You can always buy crypto certificates on your vanilla ISK account - there are some other risks involved but it could probably be a good hedge. I have bought some "bitcoin zero" certificates on my ISK after the last crash to diversify a little bit more from my standard index funds
"To all eSports fans, I want to be remembered as a progamer who can make something out of nothing, and someone who always does his best. I think that is the right way of living, and I'm always doing my best to follow that." - Jaedong. /watch?v=jfghAzJqAp0
RvB
Profile Blog Joined December 2010
Netherlands6267 Posts
October 05 2021 06:24 GMT
#1640
On October 05 2021 03:17 CuddlyCuteKitten wrote:
I've re balanced, bought some gold (mining), no crypto (can't buy it from my vanilla ISK account, not going to bother), no peer-peer lending but I did manage to acquire an indoor chicken coop for my bathtub. :D

One final question. When buying funds that have bonds in order to hedge does it matter if I buy them in my country or a fund that manages euro/US bonds? Like if the Swedish economy catches on fire, tips over and sinks in inflation, do I want my bonds in Swedish companies/governments or outside countries?
Most outside funds deal in high risk bonds if I understand it correctly which seems counter productive to what I want.

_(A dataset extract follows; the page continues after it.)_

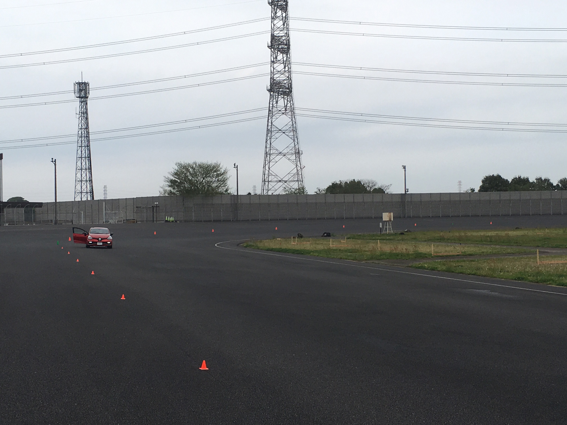 直線もコーナーもイン側の白線から13.3mのところにパイロンを並べることで、コース幅を狭くしてアウト側の曲率半径を小さくした。結果としてターンインで明確な減速が求められることになり、かつパイロンより外側に十分なセーフティゾーンを設けられた。実はアウト側白線の外側にもフラットではあるけど10mのスペースがあるので安全性は十分。

Also profit should go up if things go to shit at home, right?

Also company or public bonds? The main point is to have something that does well if the other things don't so I imagine that I should be hoping that my stocks do well and that my gold/bonds do not but they are there just in case.

You have all been really helpful btw.

Public bonds are the safest and you're better off diversifying so I'd buy foreign bonds as well. Short term bonds are generally safer than long term but also give less returns of course. Just Google government bond fund or something and you'll find some.